Le battant se referma derrière l’androïde et la pilote ne perdit pas une seconde pour se lover contre son époux. 


- Chérie, quand vas-tu arrêter de me faire de telles frayeurs ? 

- J’ai la poisse, grommela-t-elle en désignant son bras en écharpe d’un geste du menton. Mais Killian et Alison vont bien, c’est l’essentiel.

- J’aurais préféré que la grande blonde se prenne le rayon laser.

- Bruce…

- Ouais, soupira-t-il en entortillant une boucle brune autour de son index. Je n’y peux rien si je sacrifierais volontiers tout ce foutu univers pour ma famille.

- C’est un minimum, s’amusa Reiko en s’étirant.

- Exactement, dit-il en l’embrassant dans le cou. Tu as vraiment mal ?

- Non, c’est supportable. Tout le monde est indemne ?

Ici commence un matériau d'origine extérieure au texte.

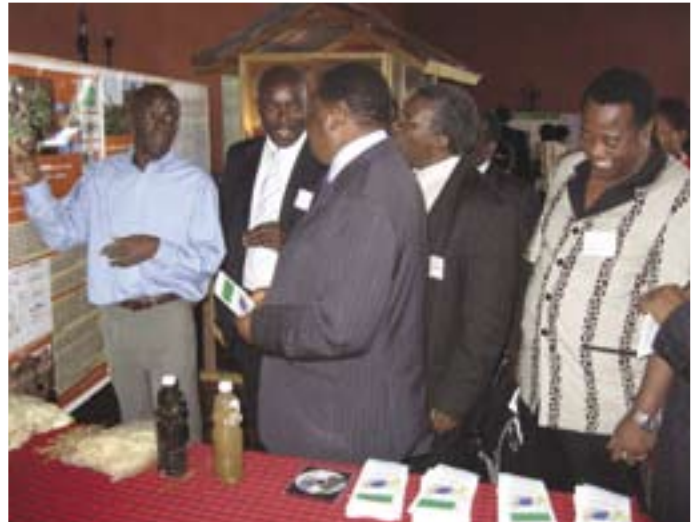
VicRes Annual Forum Participants admiring the Exhibition, May 2008, Ngurdoto M. Arusha

- De notre côté, oui, mais quelques blessés légers chez les soldats d’Edelweiss, l’informa-t-il en déclipsant les pressions de sa veste

- Qu’est-ce que… ?


Le sniper arracha son large manteau et retira son pull dans le même mouvement. La jeune femme loucha alors sur le torse diaphane et scarifié de son mari.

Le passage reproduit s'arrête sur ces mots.